Note: Although these directions reference leather, you can use the same pattern and directions to make your own shoes out of vegan leather (vinyl), industrial wool felt, or any other sturdy non-woven fabric. I can't wait to see what you make!


The easiest way to get started on this project is to buy a complete kit. A while ago, this rad company called OneDay ran a Kickstarter to make DIY sneaker kits available to everyone. Good for us, it succeeded! Now you can buy these kits directly from them.

If you're in Europe, you can purchase a kit direct from the manufacturer here:

If you're in the US, you can purchase the same kit from the Chicago School of Shoemaking and Leather Arts (how much do I want to go there?!)

And if you're in Canada, pick one up from Lonsdale Leather:

I do not make commissions on these links, I'm just providing them to be helpful!

Step 1: Additional Supplies

Depending on which kit you choose (or if you want to go full-bore DIY), you may also need to gather the following:

  • 2 sq ft. Leather. Anything from 2oz to 5 oz / 0.8mm - 2.0mm will do. If you start with basic veg-tan like in the link, you can stamp it or carve it or paint it however you like. I don’t recommend lightweight chrome tan because it tears too easily (ask me how I know).
  • Leather hole punch (I like this rotary one because it's useful for all sorts of projects and has squishier handles.)
  • Eyelets and an eyelet setter. Eyelets are like one-piece grommets. These are optional but will make your shoes last longer by reinforcing the spots where you pull the laces.
  • Leather stitching needles (different than a leather sewing needle which has a triangular eye for punching through the leather. Since we're making our holes first, you just need a long, blunt needle)
  • Heavyweight waxed thread
  • Soles and insoles
  • Poly cutting board (optional, but helpful in a couple of the steps)
  • Mallet for setting eyelets
  • Leather tooling set if you want to get fancy
I do make tiny commissions on these links, so click 'em and help me keep making rad Instructables!

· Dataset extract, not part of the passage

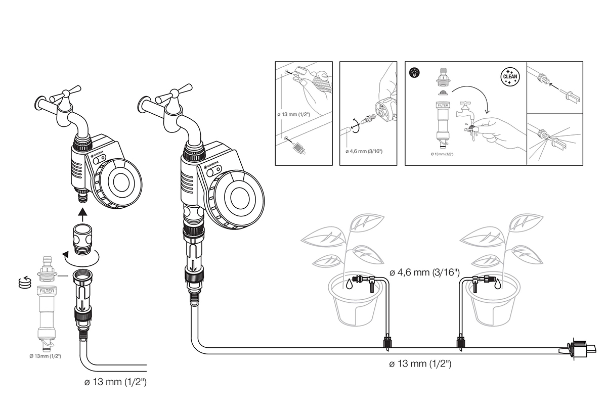 Περιλαμβάνει όλα τα απαραίτητα εξαρτήματα για αυτόματο πότισμα σε έως 35 γλάστρες, εξοικονομώντας παράλληλα νερό. Η μονάδα ρύθμισης πίεσης συνδέεται με τη βρύση μέσω του ειδικού μετατροπέα. Τα φυτά ποτίζονται μεμονωμένα, αλλά με ακρίβεια χάρη στο σύστημα σωλήνων με κεφαλές σταγόνας. Η τεχνολογία σύνδεσης επιτρέπει σε όλα τα μέρη να συνδέονται εύκολα και γρήγορα μεταξύ τους και με άρτια εφαρμογή. Ο προγραμματιστής ποτίσματος 1888 Easy plus ελέγχει αυτόματα το σύστημα.

Step 2: Cut Leather Uppers

Print out the pattern in one size up from the size of your soles (as indicated by the file name) here:

I included the pattern I used from to demonstrate what your pattern will look like. You can see that even though my sole is a size 39, I used the size 40 upper pattern. These are European sizes, so check a conversion chart if you need to.

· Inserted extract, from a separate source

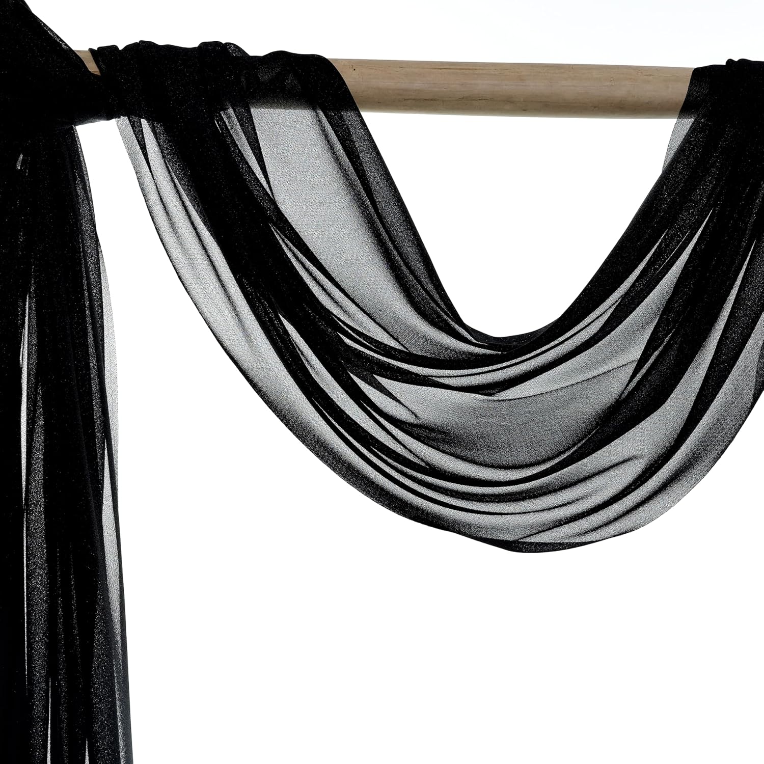 VDS Pack of 1 Panel (30 Inch X 20 Feet) Wedding Arch Draping Fabric Sheer Chiffon Fabric Drapery for Wedding Ceremony Reception Swag Backdrop Canopy Chuppah ARBO Altars Decoration (Black)

Choose the style of shoe you want (high top to low top) and cut out the paper pattern.

Trace your pattern pieces on your leather. Normally I would only trace them on the back of the fabric, but in this case, you're drawing a cutting line, so it's fine to trace it on the top. This way you can see any imperfections in the leather that you might want to avoid or patterns that you want to incorporate.

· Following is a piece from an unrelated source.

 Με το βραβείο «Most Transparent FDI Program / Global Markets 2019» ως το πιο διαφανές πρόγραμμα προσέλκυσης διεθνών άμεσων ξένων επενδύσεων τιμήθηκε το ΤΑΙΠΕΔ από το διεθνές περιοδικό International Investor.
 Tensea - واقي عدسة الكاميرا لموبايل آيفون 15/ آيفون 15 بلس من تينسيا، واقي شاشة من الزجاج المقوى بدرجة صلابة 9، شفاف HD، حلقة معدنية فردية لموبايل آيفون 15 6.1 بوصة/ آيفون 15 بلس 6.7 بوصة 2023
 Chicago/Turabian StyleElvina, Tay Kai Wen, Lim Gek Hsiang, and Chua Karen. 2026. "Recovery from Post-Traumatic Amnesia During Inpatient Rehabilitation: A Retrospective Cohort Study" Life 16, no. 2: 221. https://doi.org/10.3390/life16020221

Trace the right side of the sneakers by flipping the pattern. Make sure you end up with 8 pieces in total: two inside parts, two outside parts, two tongues, and two backstraps. Don't forget the backstraps! Those are the little rectangles on the page with the tongue pattern.

Be sure to mark on the BACK of the leather which pieces are for the right shoe and which are for the left shoe. If you marked the lines on the front of the leather, then the left sides are the ones with the pattern instructions facing up. (If you marked on the backside of the leather, then the right sides are the ones with the instructions facing up.)

Cut out everything except the backstraps.* We're going to punch the holes in those first. I used scissors, but you can use a utility knife on the poly cutting board if you prefer.

At this point, you can paint, carve, and tool your leather if you chose to use veg tan. If not, you're ready for the next step.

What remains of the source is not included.